# Should Bush be hanged?



## tanmoy_rajguru2005 (Dec 31, 2006)

Guys if Saddam can be hanged(or assasinated) for maskilling why not Bush?
comment on this.


----------



## gxsaurav (Jan 1, 2007)

yup


----------



## GeekyBoy (Jan 1, 2007)

Sure, why not ? What hasn't he done ???


----------



## Arsenal_Gunners (Jan 1, 2007)

he is just trying to secure his nations future by securing some oil


----------



## shakshy (Jan 1, 2007)

*who will hang him?* -------- that's perhaps is the most difficult


----------



## Arsenal_Gunners (Jan 1, 2007)

shakshy said:
			
		

> *who will hang him?* -------- that's perhaps is the most difficult


manmohan singh


----------



## tanmoy_rajguru2005 (Jan 1, 2007)

vimal_mehrotra said:
			
		

> he is just trying to secure his nations future by securing some oil



JUST!!!!!!!!


----------



## shakshy (Jan 1, 2007)

@vimal LOL  why not Lalu then...


----------



## ssdivisiongermany1933 (Jan 1, 2007)

No why should bush be hanged


----------



## shakshy (Jan 1, 2007)

^^ becoz of him 2000+ of their own soldiers died more than 60000 iraqis and afghanis massacred,


----------



## Arsenal_Gunners (Jan 1, 2007)

because us kicked adolf's backside in 1945.that is why he should be hanged.
__________


			
				shakshy said:
			
		

> @vimal LOL  why not Lalu then...


what is lalu doing here.


----------



## iMav (Jan 1, 2007)

in tht case every person who declared war on any1 shud be hanged lets do 1 thing hang every world leader because each one of them must have some up with a policy or a desicion tht must hav resulted in deaths of ppl .... lets hang em all ....


----------



## jal_desai (Jan 1, 2007)

hang BUSH.... hang BUSH.... hang BUSH.....*www.thinkdigit.com/forum/images/icons/icon10.gif


----------



## shadow slayer 2007 (Jan 1, 2007)

yes hang 
i can hang him if i could get him alone in a dark place
well not hang actually choke him to death really like in hitman series 
lol wish i could get him in such a situation
__________
*z.about.com/d/politicalhumor/1/0/u/U/saddam_hang.gif

*z.about.com/d/politicalhumor/1/0/r/U/saddam_morgue.jpg
__________
*www.ericblumrich.com/jpg/a29_b.jpg

*www.ericblumrich.com/jpg/a23_b.jpg

*www.ericblumrich.com/jpg/a21_b.jpg
__________
*www.ericblumrich.com/jpg/bp_01.jpg
__________
*www.ericblumrich.com/jpg/or_03.jpg

*www.ericblumrich.com/jpg/u_05.jpg

*www.ericblumrich.com/jpg/bge_04.jpg

*www.ericblumrich.com/jpg/pos_02.jpg

just couldnt resist wanted to post the images directly


----------



## QwertyManiac (Jan 1, 2007)

^^
What was the need of all those lame posters and why do you need Bush hung for?


----------



## Third Eye (Jan 1, 2007)

why ppl have so much sympathy for saddam.do they forget his bad deeds.


----------



## blackpearl (Jan 1, 2007)

I don't have sympathy for saddam.

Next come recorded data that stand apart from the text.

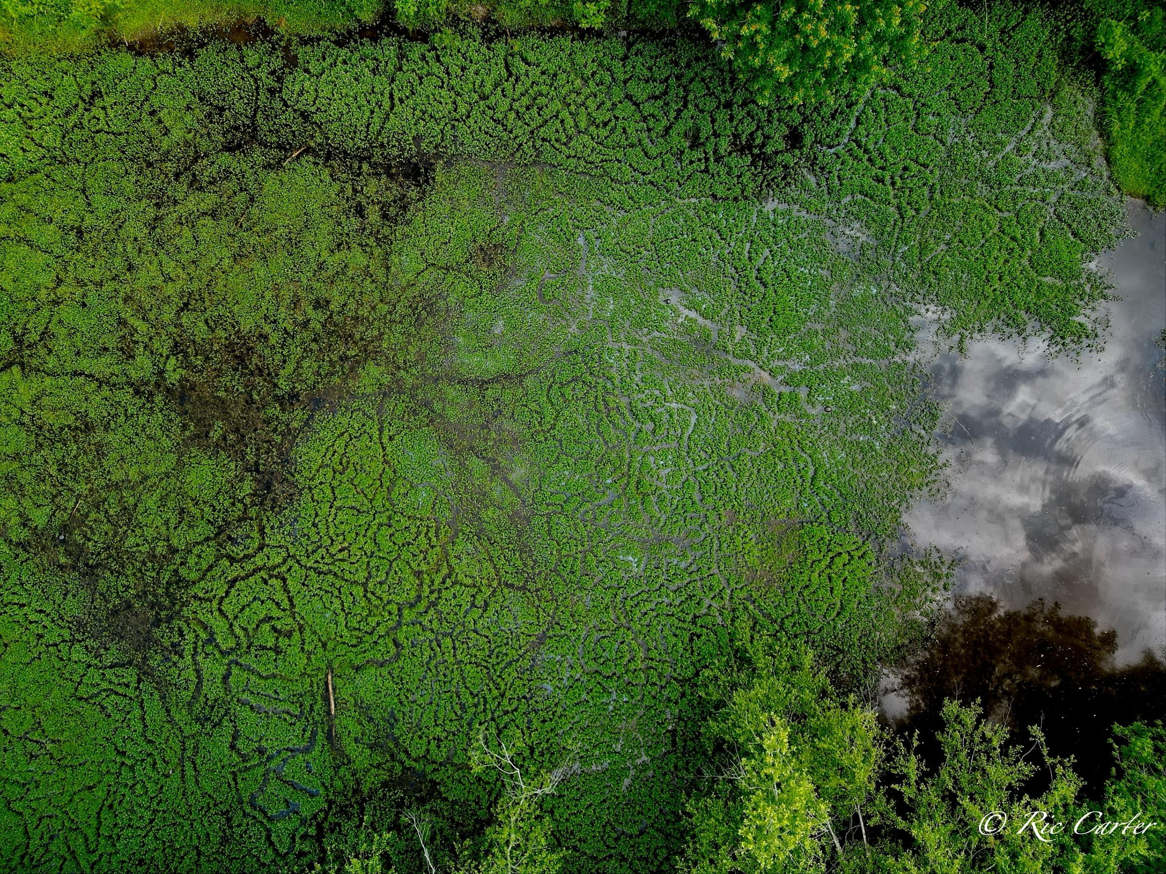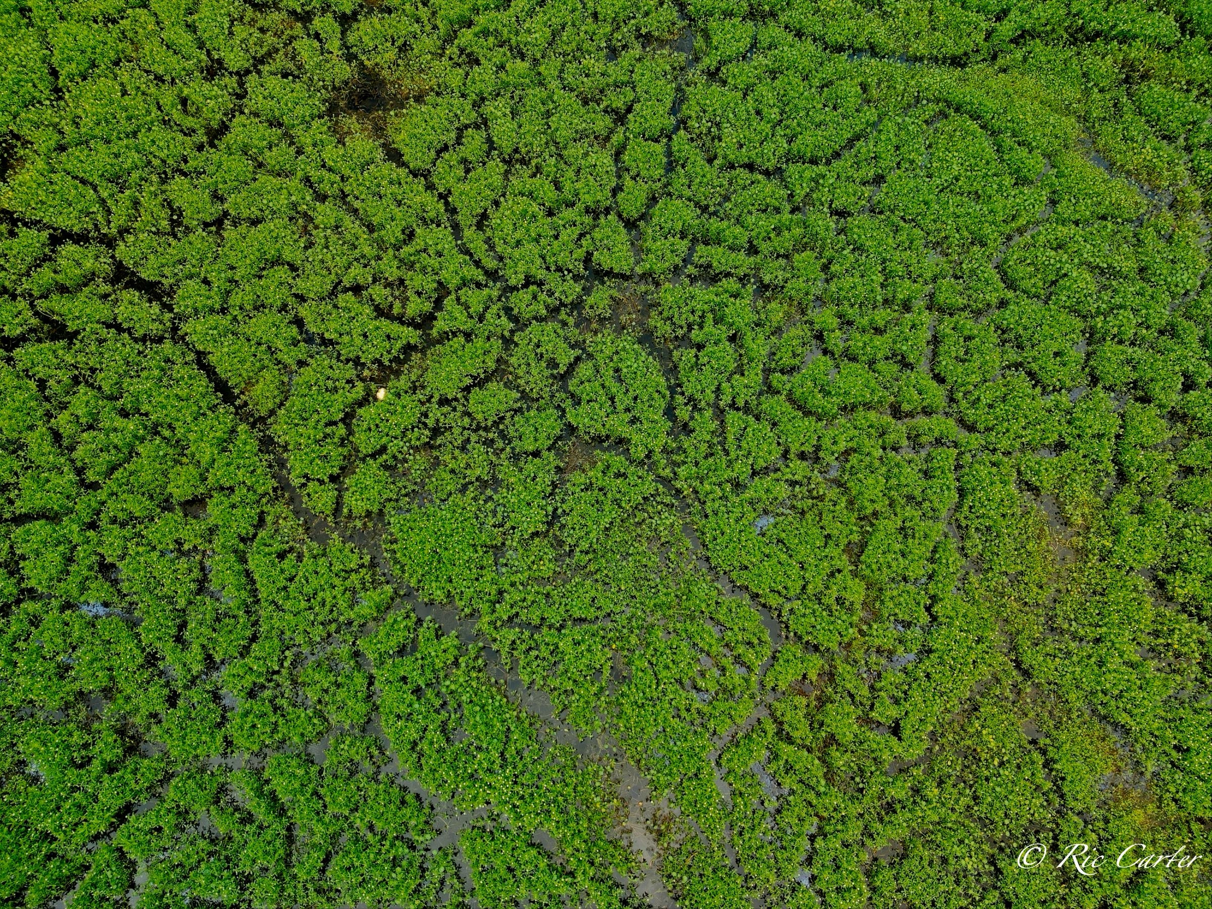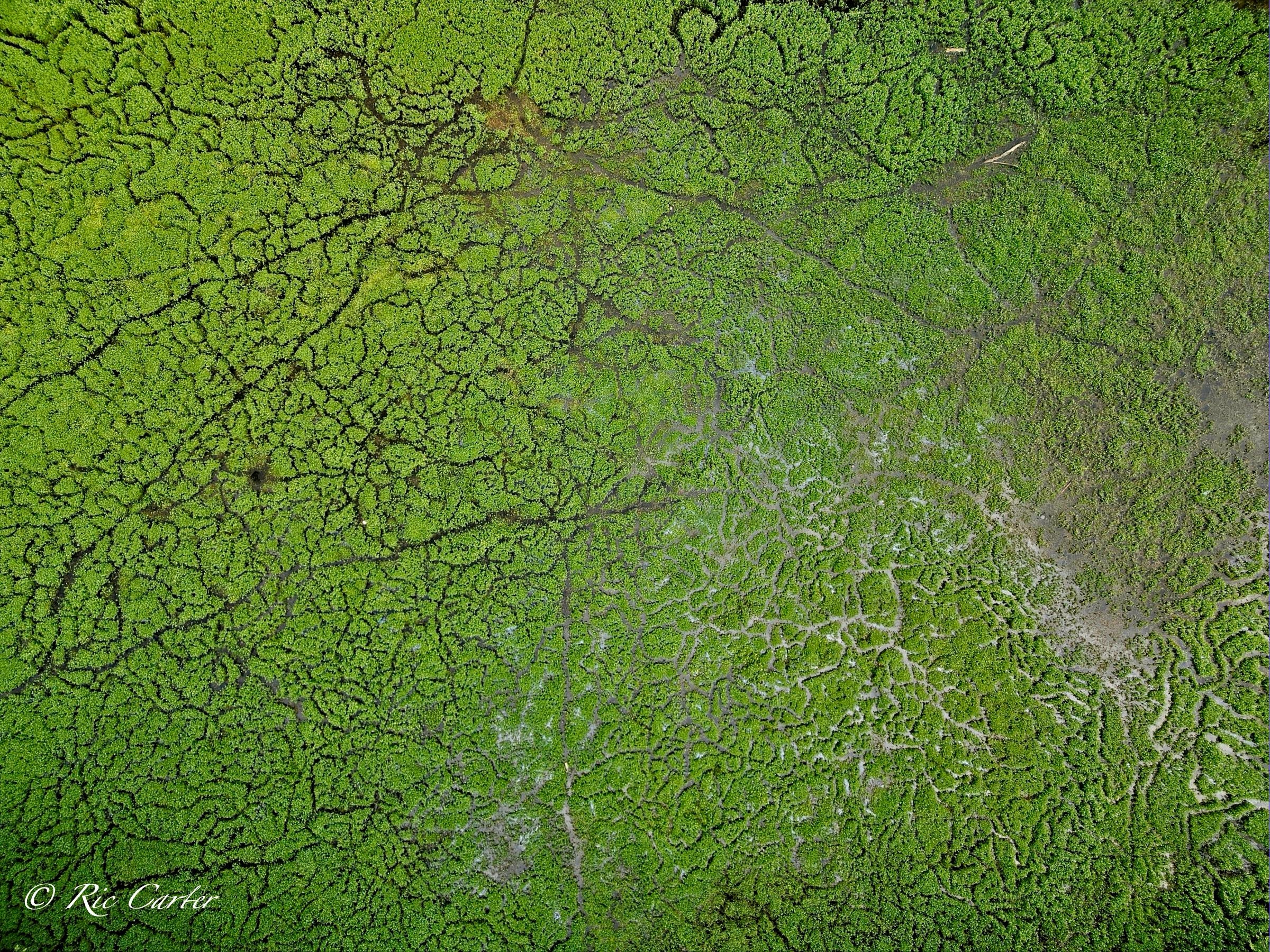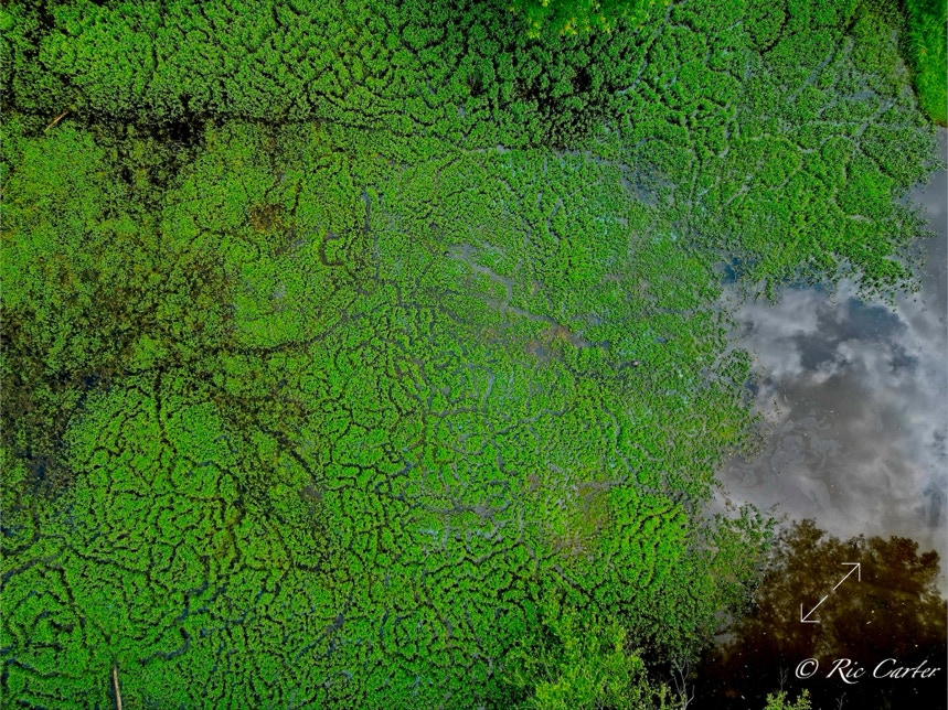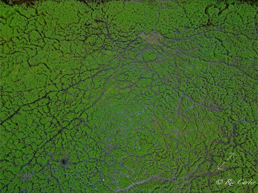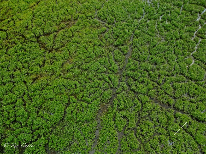 We’ve explored a couple of locations that had paths created by little wild creatures. We saw turtle paths in the mud creek bottom. And there were the paths made visible in a coastal prairie by a controlled burn. This week’s paths are seen in an old sandpit shallow. There’s one made by the hands, -er tires, of man.
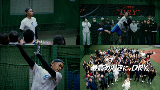 今回のWEBCMは、昨年実施した「スーパードライ 新・辛口〈生〉ご愛飲御礼キャンペーン」の当選者100名を招いて1月14日に撮影しました。イチローさんが真剣に野球の練習をする姿を見た参加者が「今より一歩前に進んでみよう」と思う様子を描いています。
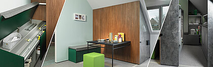 Living in just a small space becomes much more attractive when expectations are exceeded. This intelligent cabinet concept makes the sloped ceiling area a walk-in utility room. The furniture is a room within a room. The entire wall of furniture is simply pulled up when needed. Washing machine, tumble dryer, vacuum cleaner, cleaning products and much more can be kept behind it in any chosen way. All there, all inside your own four walls.
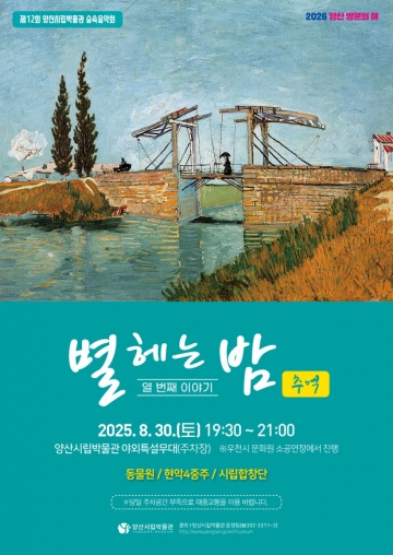 24일, 경남 양산시립박물관(관장 신용철)은 30일 오후 7시 30분부터 박물관 야외주차장 특설무대에서 숲속음악회 '별 헤는 밤, 열 번째 이야기 ‘추억’'을 개최한다고 밝혔다.

I just want Bush to get hanged.
Osama where r u??


----------



## Tech Geek (Jan 1, 2007)

nope


----------



## phreak0ut (Jan 1, 2007)

Osama is under the wings of Bush. I guess you people see more of documentaries. Please watch Farenheit 911, In Plane site and similar documentaries. You will understand what he's upto. That no good #!@#$%#$


----------



## Arsenal_Gunners (Jan 1, 2007)

shakshy said:
			
		

> @vimal LOL  why not Lalu then...


oh now i understand what you were talking about.LALU is an@$$%&*#,corrupt,dramebaaz,unqualified insaan(and is the best example of -ves of demcracy).my mind refuses to call his name.


----------



## nix (Jan 1, 2007)

dream on...


----------



## harmu.com (Jan 1, 2007)

forget it, bush it too strong to be hanged........amarica is ruling this world, remember when the defence head of amarica said, "we will send force to any place in the world, where osama is hiding," power is everything..........


----------



## shakshy (Jan 1, 2007)

Bush is dacoit----invades to others homes and destroys and ruins it, It was Iraq this time, No gurantee India might be the next...


----------



## harmu.com (Jan 1, 2007)

india too strong too invade, don't compare india and afganisthan.......amarica won't have that easy with india.............


----------



## gxsaurav (Jan 1, 2007)

they can invade India, but the resistance will be more then Iraq or Afgan, cos here, even our army is more then US army in quantity...& don't forget the gurilla war method usually we indians follow


----------



## iMav (Jan 1, 2007)

technically US is far more advanced than india but the problem is tht v are also a nuke country so the invading us will hav to be really very well planned


----------



## Arsenal_Gunners (Jan 1, 2007)

gxsaurav said:
			
		

> they can invade India, but the resistance will be more then Iraq or Afgan, cos here, even our army is more then US army in quantity...& don't forget the gurilla war method usually we indians follow


Yes we are experts in gurilla war by living in jungalraj for many years


----------



## kumarmohit (Jan 1, 2007)

Well Guyz Like it it or not Bush is a democratically elected Leader & all his acts have to be sanctioned by the US Congress. The best slap in his mouth will be a defeat in Presidential elections to him and his party. He cant act smart for long now that the US Congress is dominated by the Democrats.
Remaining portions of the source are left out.